Six years ago, Mr. C. and I celebrated our first Thanksgiving as parents in the hospital. By this point the hospital felt like our home. Mr. T was over a month old and still hadn’t been beyond hospital walls. Though he wasn’t ready to come home, he was strong enough and healthy enough to be moved, not only out of the NICU, but to a local hospital. Close enough that Mr. C and I took turns running home to take a shower, pick up clean clothes and bring some of our creature comforts to keep us company in our private room.

I have to admit, in the days leading up to the holiday I began to get more and more depressed. I had naively convinced myself that we would be home within days so to be spending our very first holiday as parents in the hospital felt like something I couldn’t face.
I woke that morning with an immense sadness weighing down my chest. My heart hurt. I felt hopeless. I wondered if we were ever going to get to bring our little man home. I was angry that we weren’t at home building our traditions. I felt angry thinking of all of the families sitting around the table, toasting with their glasses of wine and plates full of turkey. I was feeling a lot of mixed up emotions and none of them were thankful.
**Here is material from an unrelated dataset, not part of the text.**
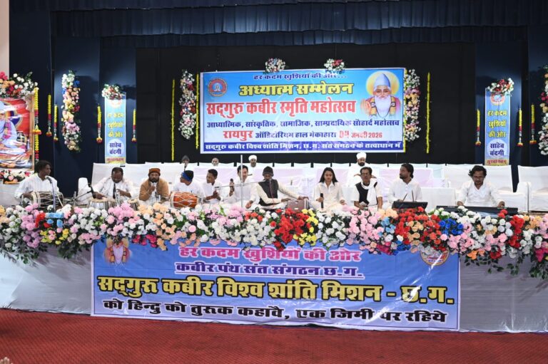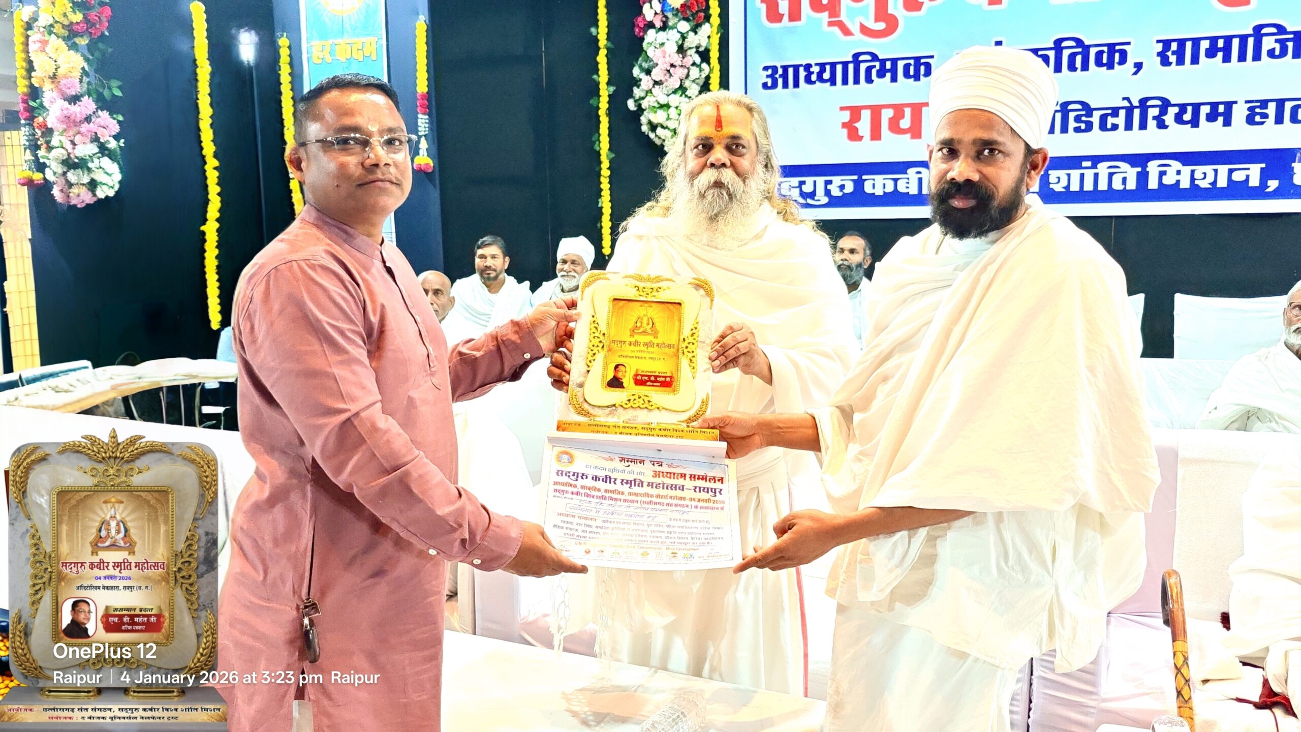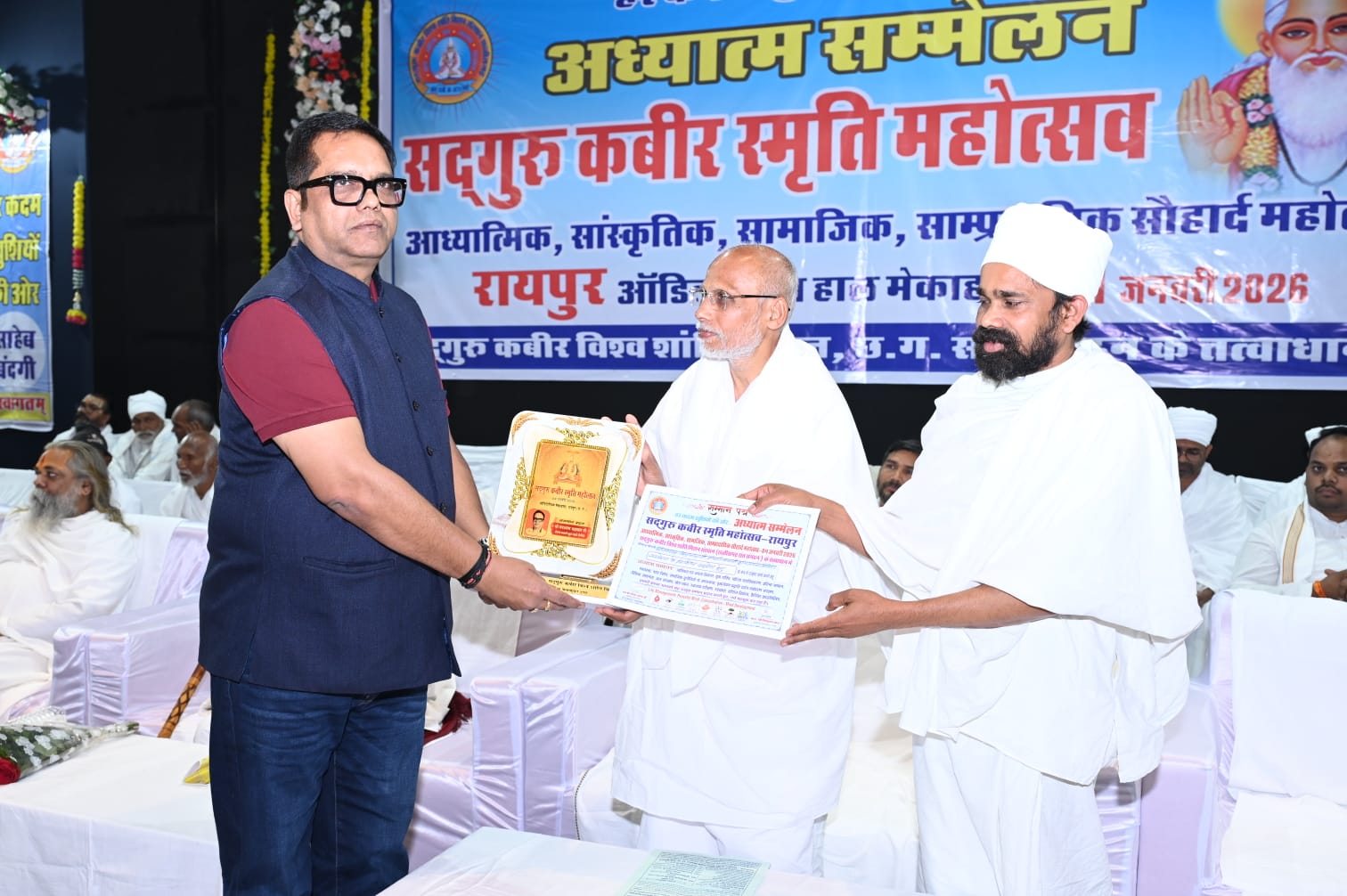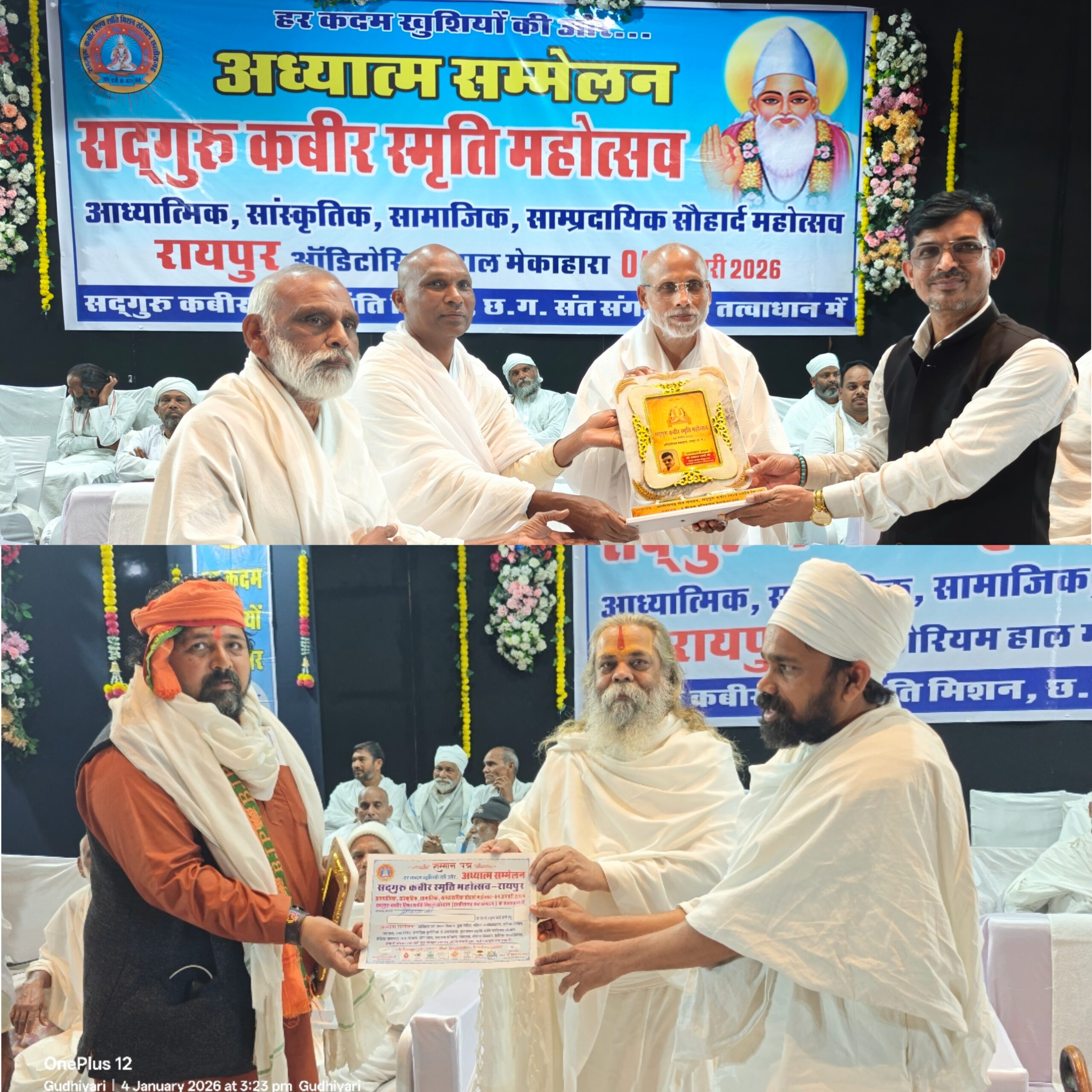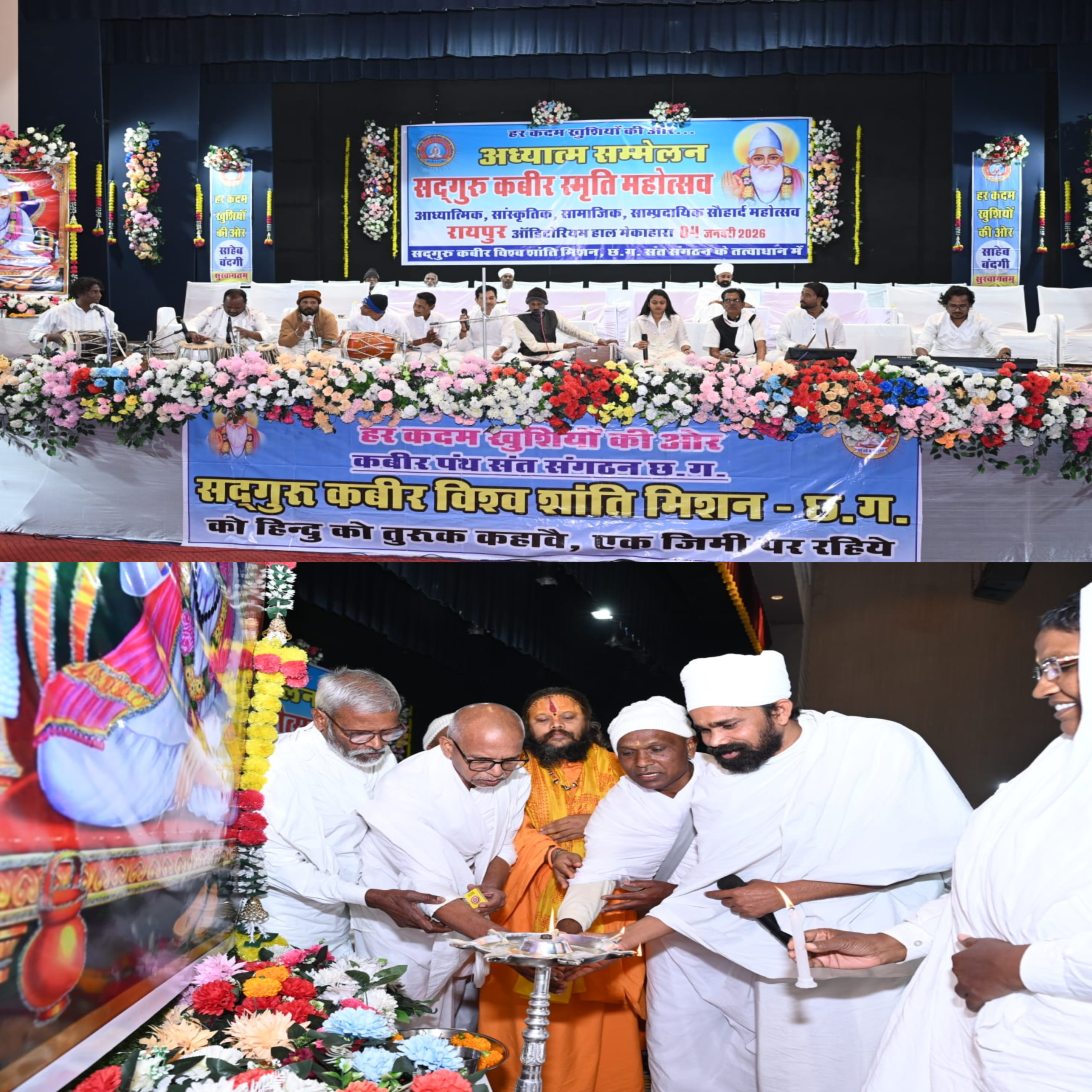 रायपुर, 05 जनवरी 2026 (आरएनएस) छत्तीसगढ़ संत संगठन के संयोजन में सद्गुरु कबीर विश्व शांति मिशन संस्थान द्वारा राजधानी रायपुर स्थित मेकाहारा सभागार में सद्गुरु कबीर स्मृति महोत्सव एवं आध्यात्मिक सम्मेलन का भव्य आयोजन किया गया। 4 जनवरी 2026 को प्रातः 11 बजे से अपराह्न 5 बजे तक चले इस आयोजन में प्रदेशभर से पहुंचे संत समाज के प्रतिनिधियों, सामाजिक संगठनों एवं हजारों श्रद्धालुओं की गरिमामयी उपस्थिति रही।

Then, in walked my parents, who were always there to support us during this difficult time in our lives. They brought with them turkey, stuffing, cranberries, everything to make us a Thanksgiving dinner. Mr. T’s nurses felt like he was strong enough to leave his room and join us in the hospital cafeteria. We packed him up in the infant carrier that sat in our car, unused, and off we went.

We gave thanks in a hospital cafeteria, with a tv in the corner playing “So you think you can dance Canada”. We smiled. We laughed. Mr. T slept while we ate, and he was with us and we couldn’t be happier. We felt like a family.

Sometimes you need to be reminded of what you are thankful for and sometimes those things don’t come wrapped in pretty little packages. Life can kick you in the ass and it’s in those moments when you might need some help to remember your true blessings. My reminder that year came from some of the people in my life who will stand by us, even in our darkest moments.

Hopefully that was the last holiday we will ever spend in a hospital cafeteria. Mr. T was able to come home not long after that and we have spent every Thanksgiving since taking a moment to be grateful for the second chance we were given.